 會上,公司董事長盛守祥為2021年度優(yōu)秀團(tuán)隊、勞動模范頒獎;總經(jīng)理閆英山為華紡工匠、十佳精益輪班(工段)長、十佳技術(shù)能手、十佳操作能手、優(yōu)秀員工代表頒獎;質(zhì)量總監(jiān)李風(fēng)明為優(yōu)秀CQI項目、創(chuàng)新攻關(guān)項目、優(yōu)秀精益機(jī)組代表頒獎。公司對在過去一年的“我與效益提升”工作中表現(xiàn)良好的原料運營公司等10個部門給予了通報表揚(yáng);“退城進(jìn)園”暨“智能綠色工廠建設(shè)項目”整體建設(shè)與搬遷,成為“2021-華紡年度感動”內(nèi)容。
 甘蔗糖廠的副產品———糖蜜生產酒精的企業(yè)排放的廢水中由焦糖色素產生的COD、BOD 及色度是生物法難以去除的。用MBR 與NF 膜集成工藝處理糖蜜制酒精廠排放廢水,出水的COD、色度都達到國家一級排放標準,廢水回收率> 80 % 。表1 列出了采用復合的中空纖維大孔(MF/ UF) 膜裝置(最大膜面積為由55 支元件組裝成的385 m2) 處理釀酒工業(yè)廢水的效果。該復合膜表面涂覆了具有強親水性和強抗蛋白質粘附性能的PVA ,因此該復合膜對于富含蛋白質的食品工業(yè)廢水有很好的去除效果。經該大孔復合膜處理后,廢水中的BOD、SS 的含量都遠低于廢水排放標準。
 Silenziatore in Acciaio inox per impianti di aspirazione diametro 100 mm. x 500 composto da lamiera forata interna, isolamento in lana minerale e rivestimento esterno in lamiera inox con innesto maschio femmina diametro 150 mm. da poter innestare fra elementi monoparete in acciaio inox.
==
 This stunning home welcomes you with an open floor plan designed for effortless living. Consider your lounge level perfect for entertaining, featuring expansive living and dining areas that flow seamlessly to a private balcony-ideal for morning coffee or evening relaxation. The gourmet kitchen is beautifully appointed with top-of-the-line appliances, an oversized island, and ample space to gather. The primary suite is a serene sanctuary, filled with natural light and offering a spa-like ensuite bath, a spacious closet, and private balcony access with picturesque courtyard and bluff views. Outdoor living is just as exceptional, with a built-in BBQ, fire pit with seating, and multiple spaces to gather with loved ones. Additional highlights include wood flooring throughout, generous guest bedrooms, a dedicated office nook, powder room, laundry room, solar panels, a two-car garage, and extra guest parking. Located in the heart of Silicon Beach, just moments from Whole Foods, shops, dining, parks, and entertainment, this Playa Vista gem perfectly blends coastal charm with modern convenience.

#### Problem to work on
Give back exactly the lines above starting at the line where "會上,公司董事長盛守祥為20" appears and ending at the line where "Silenziatore in Acciaio" appears, both included, with no other lines.

#### Task result
 會上,公司董事長盛守祥為2021年度優(yōu)秀團(tuán)隊、勞動模范頒獎;總經(jīng)理閆英山為華紡工匠、十佳精益輪班(工段)長、十佳技術(shù)能手、十佳操作能手、優(yōu)秀員工代表頒獎;質(zhì)量總監(jiān)李風(fēng)明為優(yōu)秀CQI項目、創(chuàng)新攻關(guān)項目、優(yōu)秀精益機(jī)組代表頒獎。公司對在過去一年的“我與效益提升”工作中表現(xiàn)良好的原料運營公司等10個部門給予了通報表揚(yáng);“退城進(jìn)園”暨“智能綠色工廠建設(shè)項目”整體建設(shè)與搬遷,成為“2021-華紡年度感動”內(nèi)容。
 甘蔗糖廠的副產品———糖蜜生產酒精的企業(yè)排放的廢水中由焦糖色素產生的COD、BOD 及色度是生物法難以去除的。用MBR 與NF 膜集成工藝處理糖蜜制酒精廠排放廢水,出水的COD、色度都達到國家一級排放標準,廢水回收率> 80 % 。表1 列出了采用復合的中空纖維大孔(MF/ UF) 膜裝置(最大膜面積為由55 支元件組裝成的385 m2) 處理釀酒工業(yè)廢水的效果。該復合膜表面涂覆了具有強親水性和強抗蛋白質粘附性能的PVA ,因此該復合膜對于富含蛋白質的食品工業(yè)廢水有很好的去除效果。經該大孔復合膜處理后,廢水中的BOD、SS 的含量都遠低于廢水排放標準。
 Silenziatore in Acciaio inox per impianti di aspirazione diametro 100 mm. x 500 composto da lamiera forata interna, isolamento in lana minerale e rivestimento esterno in lamiera inox con innesto maschio femmina diametro 150 mm. da poter innestare fra elementi monoparete in acciaio inox.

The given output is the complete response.